- _EXTRACTED ENTRIES_:
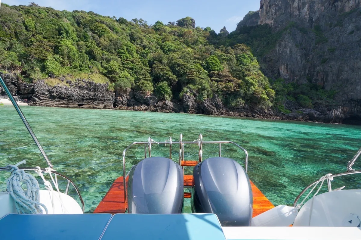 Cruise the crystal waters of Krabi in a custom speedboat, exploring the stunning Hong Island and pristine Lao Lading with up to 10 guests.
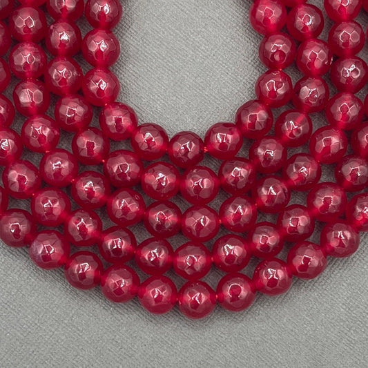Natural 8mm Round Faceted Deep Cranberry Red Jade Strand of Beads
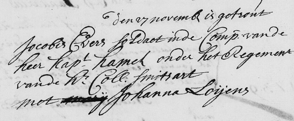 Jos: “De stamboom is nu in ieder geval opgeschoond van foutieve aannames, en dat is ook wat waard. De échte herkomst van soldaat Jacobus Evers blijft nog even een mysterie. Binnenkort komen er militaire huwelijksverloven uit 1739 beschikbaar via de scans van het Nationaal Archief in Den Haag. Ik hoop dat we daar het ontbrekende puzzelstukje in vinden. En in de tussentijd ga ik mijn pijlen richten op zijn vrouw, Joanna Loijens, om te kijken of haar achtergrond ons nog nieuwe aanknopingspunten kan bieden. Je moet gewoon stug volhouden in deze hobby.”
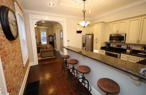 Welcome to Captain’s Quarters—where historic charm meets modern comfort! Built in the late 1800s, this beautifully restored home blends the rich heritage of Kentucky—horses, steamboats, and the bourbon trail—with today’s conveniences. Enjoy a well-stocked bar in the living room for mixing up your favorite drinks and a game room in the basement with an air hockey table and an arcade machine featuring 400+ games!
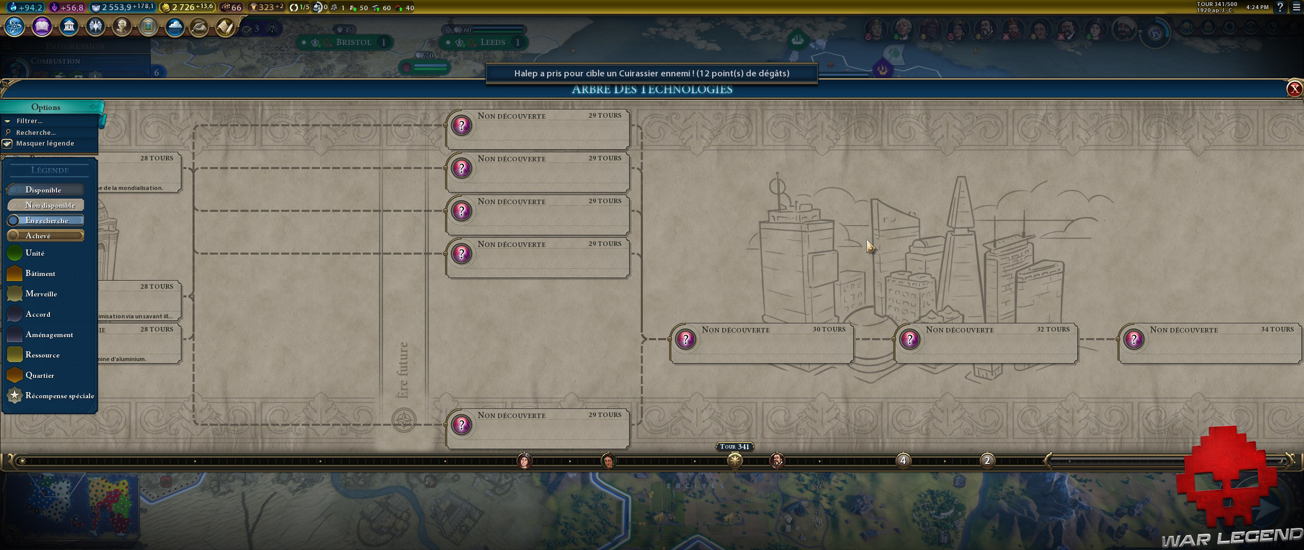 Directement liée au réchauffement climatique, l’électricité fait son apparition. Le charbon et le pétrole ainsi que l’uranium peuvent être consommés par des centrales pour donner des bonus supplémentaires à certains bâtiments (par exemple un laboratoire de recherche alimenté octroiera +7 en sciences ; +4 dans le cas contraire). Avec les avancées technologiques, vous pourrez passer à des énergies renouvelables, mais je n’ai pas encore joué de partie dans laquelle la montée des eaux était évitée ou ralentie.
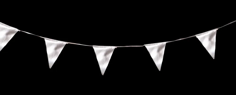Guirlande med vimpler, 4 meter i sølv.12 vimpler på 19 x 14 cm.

- _TRY IT_: Exact repetition of all the records is required, with the pictures excluded.

- _SOLUTION TO THIS PROBLEM_:
 Cruise the crystal waters of Krabi in a custom speedboat, exploring the stunning Hong Island and pristine Lao Lading with up to 10 guests.
Natural 8mm Round Faceted Deep Cranberry Red Jade Strand of Beads
 Jos: “De stamboom is nu in ieder geval opgeschoond van foutieve aannames, en dat is ook wat waard. De échte herkomst van soldaat Jacobus Evers blijft nog even een mysterie. Binnenkort komen er militaire huwelijksverloven uit 1739 beschikbaar via de scans van het Nationaal Archief in Den Haag. Ik hoop dat we daar het ontbrekende puzzelstukje in vinden. En in de tussentijd ga ik mijn pijlen richten op zijn vrouw, Joanna Loijens, om te kijken of haar achtergrond ons nog nieuwe aanknopingspunten kan bieden. Je moet gewoon stug volhouden in deze hobby.”
 Welcome to Captain’s Quarters—where historic charm meets modern comfort! Built in the late 1800s, this beautifully restored home blends the rich heritage of Kentucky—horses, steamboats, and the bourbon trail—with today’s conveniences. Enjoy a well-stocked bar in the living room for mixing up your favorite drinks and a game room in the basement with an air hockey table and an arcade machine featuring 400+ games!
 Directement liée au réchauffement climatique, l’électricité fait son apparition. Le charbon et le pétrole ainsi que l’uranium peuvent être consommés par des centrales pour donner des bonus supplémentaires à certains bâtiments (par exemple un laboratoire de recherche alimenté octroiera +7 en sciences ; +4 dans le cas contraire). Avec les avancées technologiques, vous pourrez passer à des énergies renouvelables, mais je n’ai pas encore joué de partie dans laquelle la montée des eaux était évitée ou ralentie.
Guirlande med vimpler, 4 meter i sølv.12 vimpler på 19 x 14 cm.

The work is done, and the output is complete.